The think tank concept is “increasingly devoid of meaning.” Or so say the commentators who believe think tanks are merely “part of the intellectual echo chamber of our politics,” organizations that have become so politicized it is hard to distinguish “objective advice and high-priced advocacy.”

That is only part of the story. In recent years, Redstone has had the good fortune of interacting with think tanks around the world that are making real contributions toward solving concrete problems – without sacrificing rigor or adopting partisan ideology. The Center for Global Development (CGD) is informing policy on everything from immigration to vaccines. Fundación ARU is improving microfinance programs while building a culture of evaluation in Bolivia – and in the process pioneering a new breed of non-ideological Bolivian think tanks. The Institute of Economic Affairs helped Ghana’s political parties overcome extreme polarization – American think tanks, take note – and manage newfound oil revenues to avoid the “resource curse.” In developing countries, especially, think tanks often improve policy by offering assistance to government officials who lack the resources of their counterparts in richer countries.

A cynic might comment that these are isolated cases – that think tanks cannot be rigorous and independent while focused on policy change. Think tanks can sacrifice the former to be strategic, in the process becoming an advocate “advancing a particular ideological agenda,” in the words of political scientist Donald Abelson. Or they can remain rigorous but “sleepy” places focused merely on “supplementing the policy needs of government.” And even if think tanks could find a balance – say, something like the strategic philanthropy being adopted by many of their funders – it would be stifling: Freedom to explore, so crucial to research, would be threatened by bureaucratic managers too focused on delivering results to demanding funders.

But our experience suggests there is a powerful middle ground in which think tanks can pull from the best practices of strategic philanthropy and advocacy to increase their impact while maintaining rigor and independence. These “think and do tanks” (as CGD describes itself) combine those traits to ensure well-researched evidence informs policymaking. A new book by Andrew Selee at the Wilson Center is evidence of the growing interest in this trend, and a good source for anecdotes that portray the many “flavors” of think tank strategy (including that of the more ideological institutions).

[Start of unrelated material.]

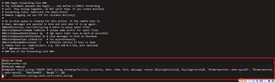 $template cacti_syslog,"INSERT INTO syslog_incoming(facility, priority, date, time, host, message) values (%syslogfacility%, %syslogpriority%, '%timereported:::date-mysql%', '%timereported:::date-mysql%', '%HOSTNAME%', '%msg%')", SQL

We have observed three key steps that help strategic “think and do tanks” succeed:

  • Define a goal, then set priorities. Selee rightly encourages think tanks to start by considering what they want to achieve. We have found it helpful to go a step further to spell out clear criteria for setting priorities. These include the benefit that success in a given effort can deliver toward the institution’s goals, the contribution that the think tank can make to policy change, the likelihood that the policy will change (a topic that Selee does not address), and the cost to the think tank of making its contribution. These criteria can help in the consideration of difficult tradeoffs without dictating decisions.
  • Plan activities that match the broader context. Think tanks rarely are active throughout the policy change process. As Selee notes, for example, many research-focused think tanks leave rough-and-tumble advocacy to more activist NGOs. However, think tanks still should consider the bigger picture of what is needed to translate their research into policy so they can contribute to policy change as productively as possible. My colleagues’ recent paper Assessing Advocacy lays out a framework to help think tanks consider how to do this effectively. For example, the bread-and-butter of think tanks is designing good, technically sound policy proposals. But a sound policy proposal can do even more if it is designed to speak to important policy-makers and constituencies, and if the think tank chooses opportunities in cognizance of the external environment and whether capable advocates exist.
  • Assess progress continuously. Focus on real-world results and the think tank’s role in producing them, where possible. A recent study by the Peruvian think tank GRADE concludes that measuring these results is “more relevant but also more difficult,” especially because think tanks often are most active in the earliest stages of policy development. Selee reaches a similar conclusion. As a result, it is tempting to rely on objective measures of output and visibility in public discussion, as was done in a recent effort by scholars at CGD to rank think tanks. These measures can be valuable (especially when constructing an index), but less informative when a think tank is setting priorities and assessing its ultimate impact. We recently worked with the International Development Research Center’s Think Tank Initiative to experiment with one possible approach, which is summarized here. We look forward to seeing this and other methodologies emerge and evolve.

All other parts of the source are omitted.